I would say that "wank" as a verb is not particularly strong – it's the only word normally used in informal speech in the UK to signify masturbation – but it is vulgar because the British do not discuss such things except within a group of friends (where such things are actually discussed quite a lot!)

I would freely use this word amongst friends but I have never in my life said it in front of my relatives (apart from ones of a similar age to me) or work colleagues who aren't also friends, for example, and I would be pretty taken aback to hear them say it when talking to me!


----------



## obz

worcerize said:


> I would say that "wank" as a verb is not particularly strong – it's the only word normally used in informal speech in the UK to signify masturbation – but it is vulgar because the British do not discuss such things except within a group of friends* (where such things are actually discussed quite a lot!)!*



Es así por aquí en este lado del charco .


----------



## drunkenfool

I have to agree with 'quesuerte', the word wank is no more offensive to me than 'jerk off', especially bearing in mind that neither one of the words would be appropriate to say in polite company. 'Jerk off', at least to me, sounds very American English, but wank is definately an integral part of the British English vocabulary, especially entre los jovenes


----------



## drunkenfool

...and in response to 'ivan raikov', your example is just another example of the usage that I highlighted earier as an ajectival noun.


----------



## duncandhu

It's pretty vulgar...

It's not the kind of thing you'd say when you're talking to someone you don't know well.

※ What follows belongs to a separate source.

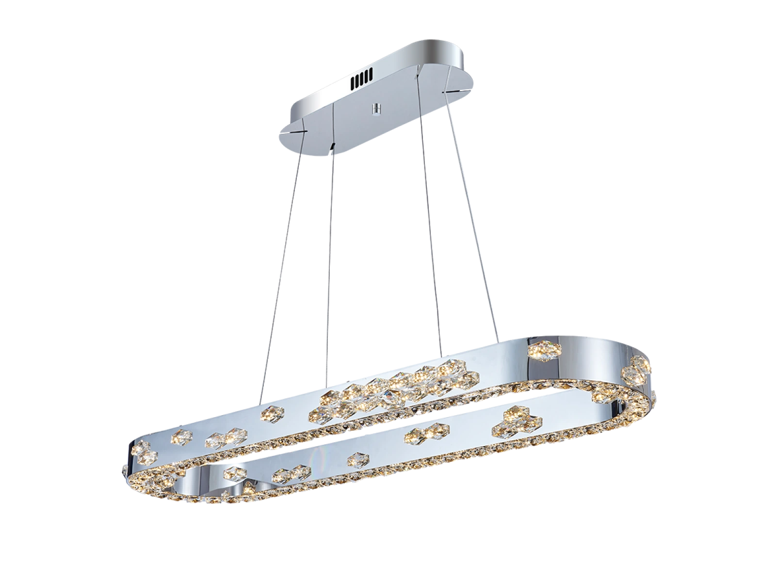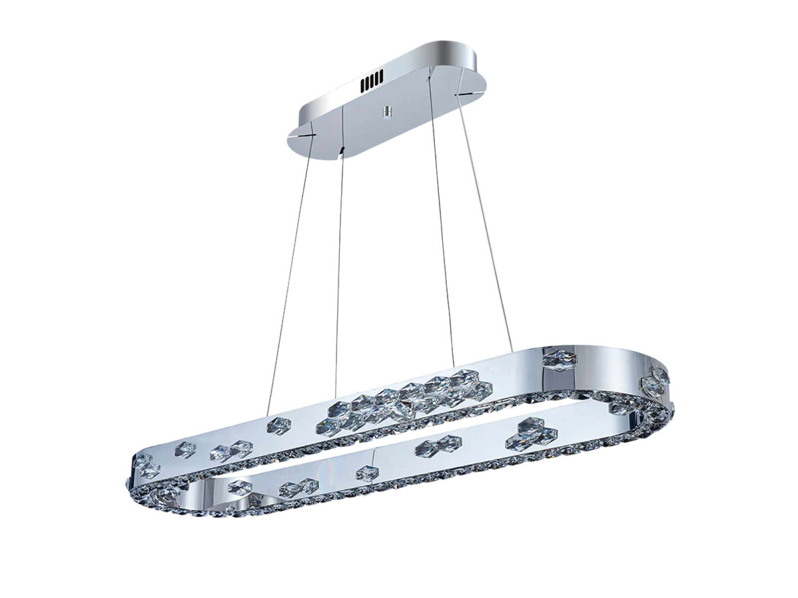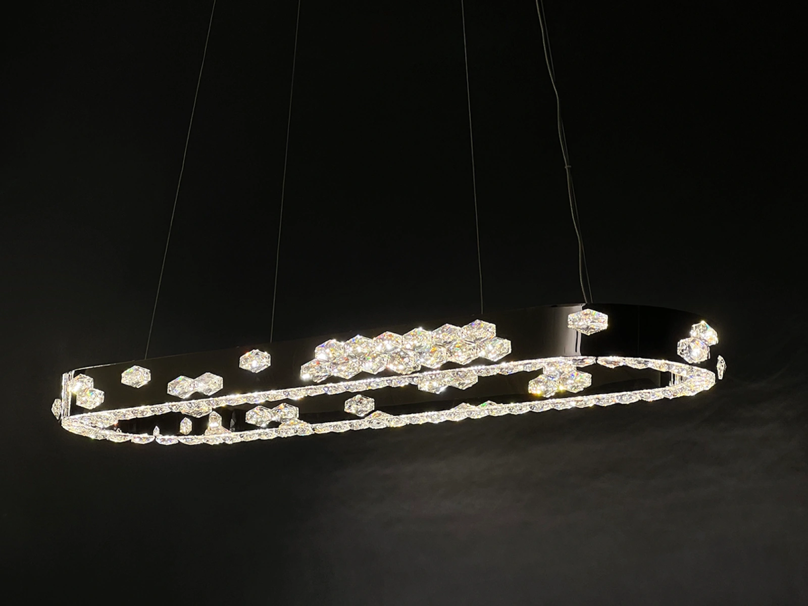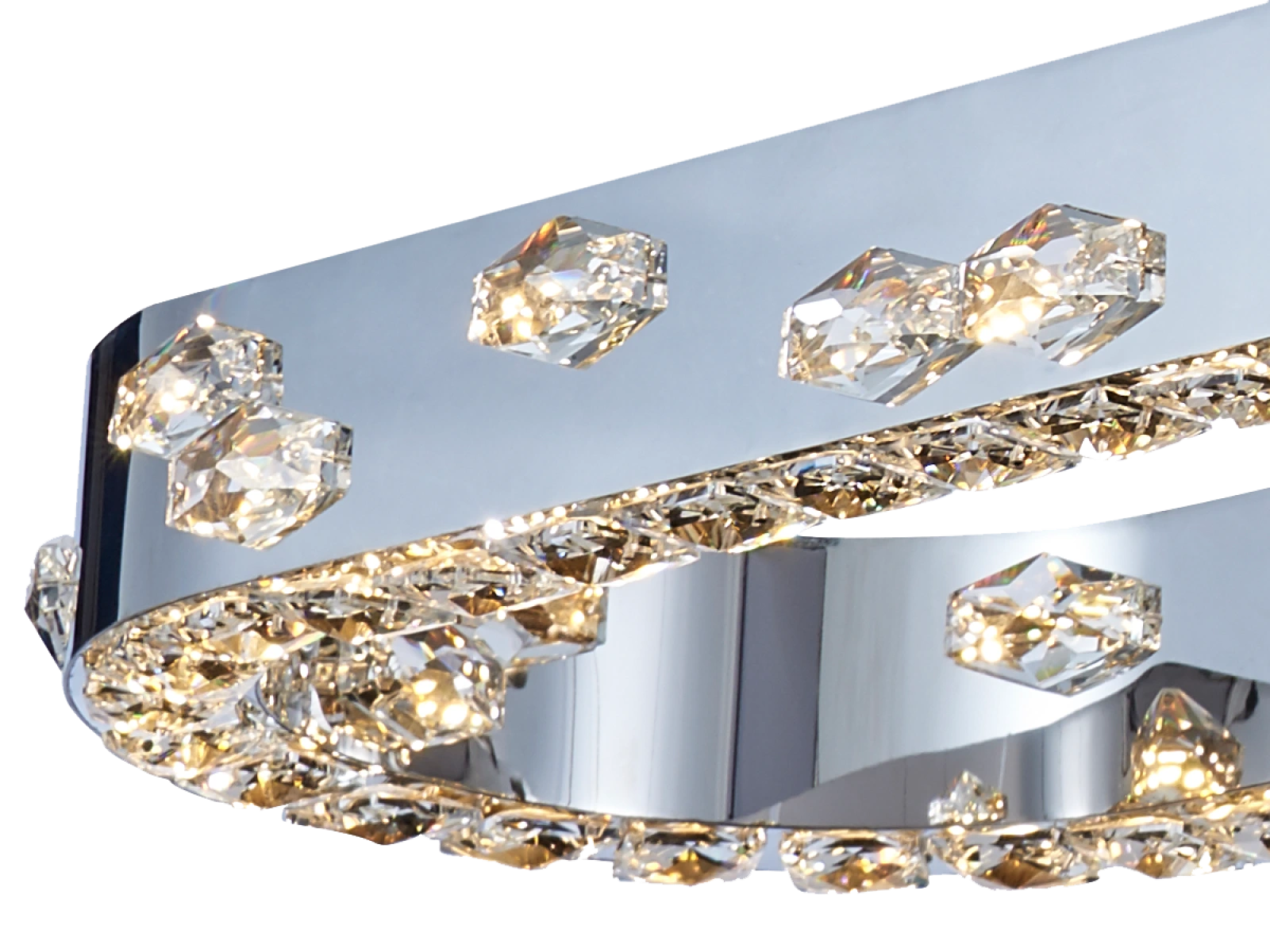 Oprawa wykonana jest z wytrzymałego metalu ze stali nierdzewnej z chromowanym wykończeniem, a jej projekt uzupełniają precyzyjnie wycięte kryształy, które promują odbicie i załamanie światła. Technologia obróbki gwarantuje stabilność materiału i zachowanie właściwości estetycznych.

Igual en castellano, no dirías que te vas a hacer una paja en una entrevista de trabajo ni con el dependiente cuando te vas de compras...

More with "to wank":

To wank over somebody: to think of somebody when you're wanking.

A friend of mine used to say "That's one for the wank bank." like it was a memory bank, he used to say it when he saw a good looking girl, like he was going to _wank over_ her later

Erm... hope that helps!

Saludos
Duncan


----------